FM: Okay, so you came to your adoptive family basically from hospital. 

Yes, I was in the hospital for 5 weeks.  I had health concerns.  I was born with turned-in feet.  They had to put casts on for alignment and see that that was working, and then after the 5 weeks to double-check everything, they brought me home. 

FM: Okay.  So I’m gathering that your folks are long-time Cottage County residents?

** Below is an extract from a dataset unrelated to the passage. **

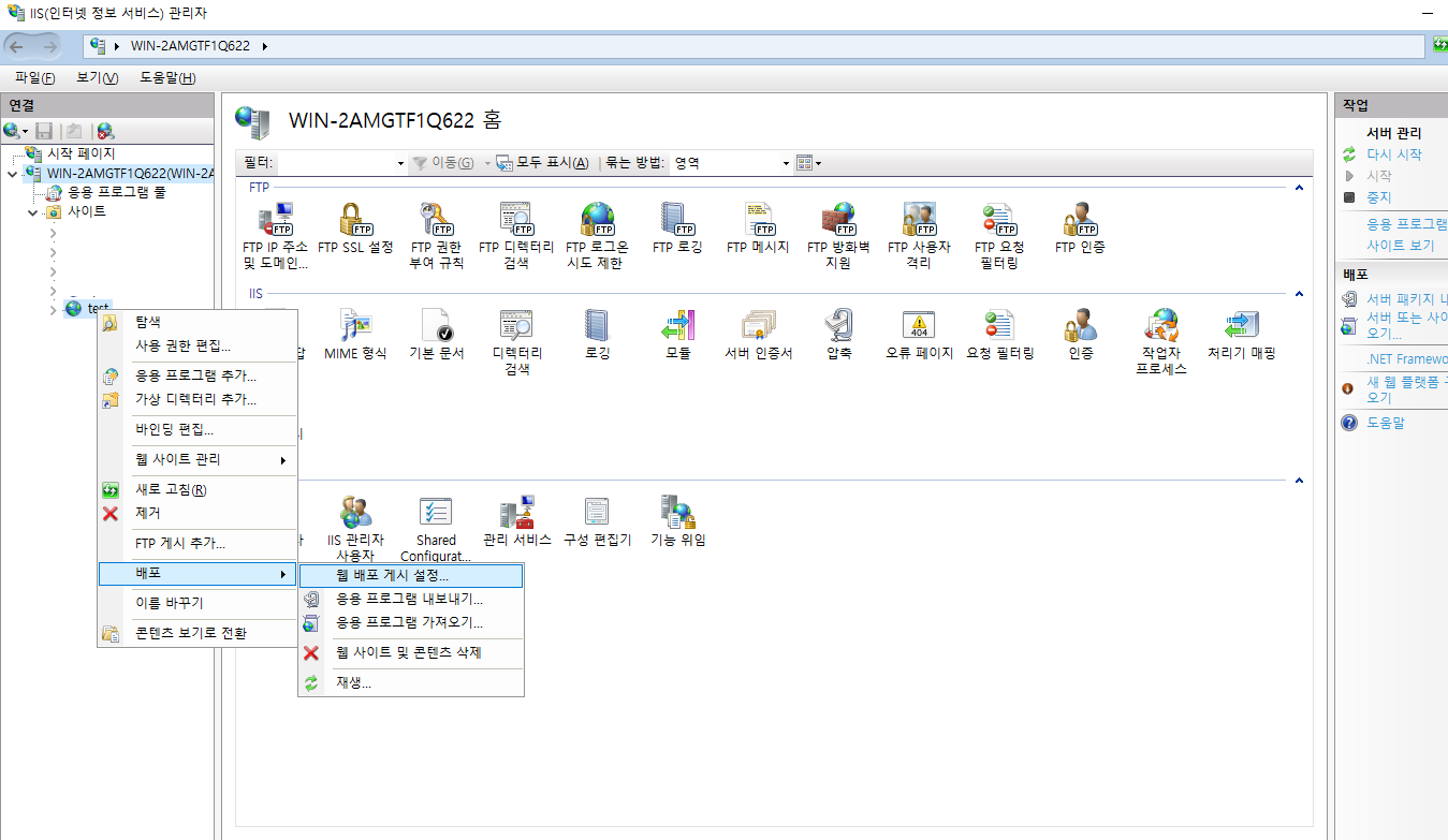 1과 2과정을 끝내고 IIS에서 배포할 Web Service를 선택한뒤 mouse오른쪽 button을 누르게 되면 '배포 -> 웹 배포 게시 설정'menu를 볼 수 있습니다.

Yes.  Dad was born and raised in Toronto.  He moved up here in the early 60s to start teaching and he’s been here ever since.  Mom’s dad was a long-time resident here.  He was big in real estate around here.  He and his partner sold half the county.  So mom was raised here.  The furthest away she’s lived is Littletown.  And then she came back up here.  She and dad met up here, got married up here.  And mom died up here.  Last month. 

FM: Oh, I am sorry about that.  And thank you for doing this under those circumstances.  Actually, her voice was on the answering machine. 

Two reasons for that.  First, a nice little reminder to keep her around a bit.  Secondly, neither dad nor I are technically savvy enough to change the message – we can erase the messages, but that’s it. 

FM: Okay…  so, how was school for you academically, and what did you mean about the year in Lakeville elementary being ‘fun’…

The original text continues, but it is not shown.